• _WHAT THIS TASK INVOLVES_
Repeat the listing exactly as given, omitting every image.

• _DATASET CONTENT_
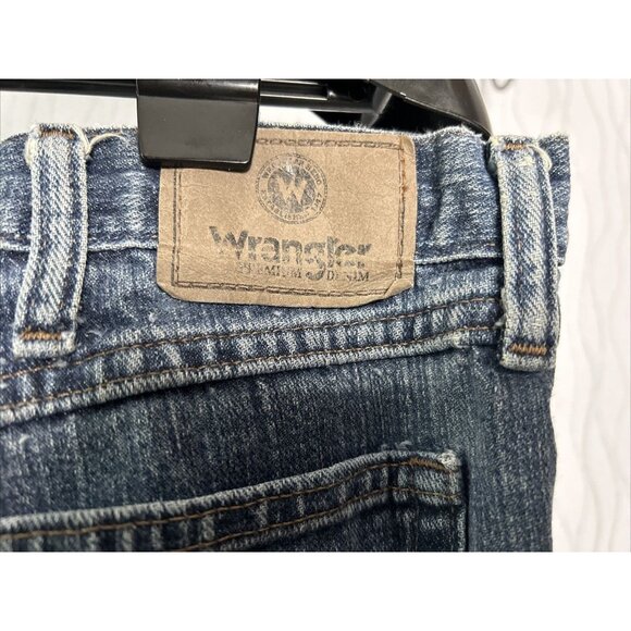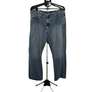 Wrangler Mens Relax Straight Jeans 42x30 Dark Wash Blue Denim Wide Leg Distress
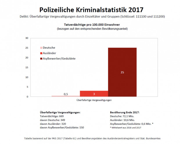Der Anteil ausländischer Tatverdächtiger an überfallartigen Vergewaltigungen durch Einzeltäter stieg 2017 von 34% auf 45%. Knapp 70% aller ermittelten überfallartigen Gruppenvergewaltigungen fallen in die Gruppe ausländischer Täter.
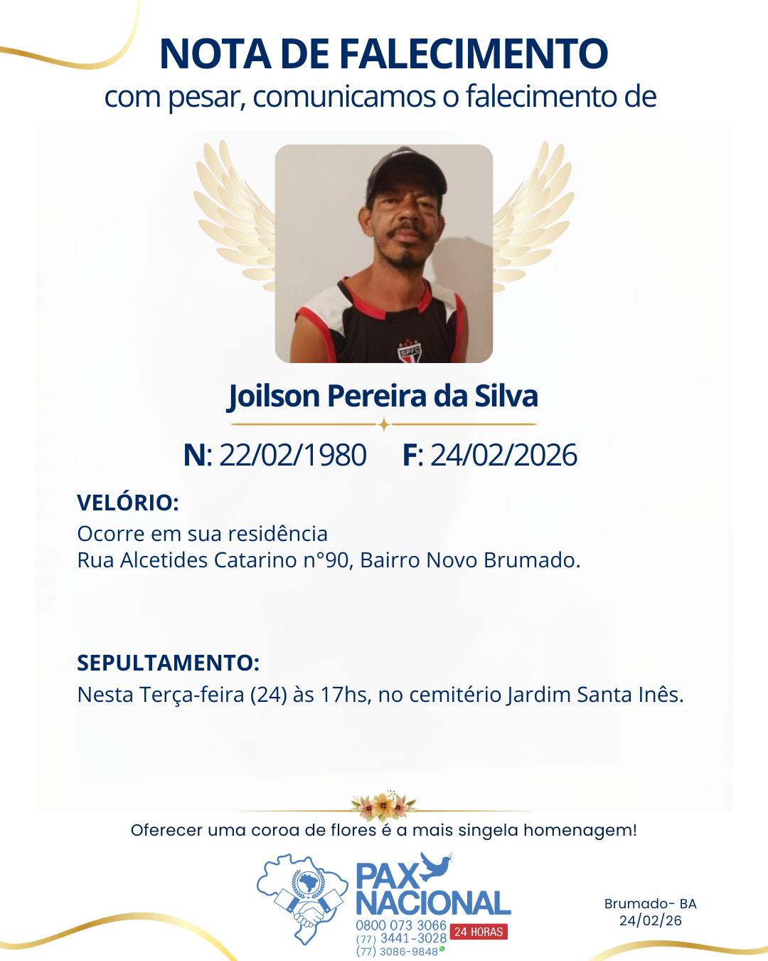 Deixe aqui a sua homenagem aos familiares deste óbito.

• _YOUR RESPONSE_
 Wrangler Mens Relax Straight Jeans 42x30 Dark Wash Blue Denim Wide Leg Distress
Der Anteil ausländischer Tatverdächtiger an überfallartigen Vergewaltigungen durch Einzeltäter stieg 2017 von 34% auf 45%. Knapp 70% aller ermittelten überfallartigen Gruppenvergewaltigungen fallen in die Gruppe ausländischer Täter.
 Deixe aqui a sua homenagem aos familiares deste óbito.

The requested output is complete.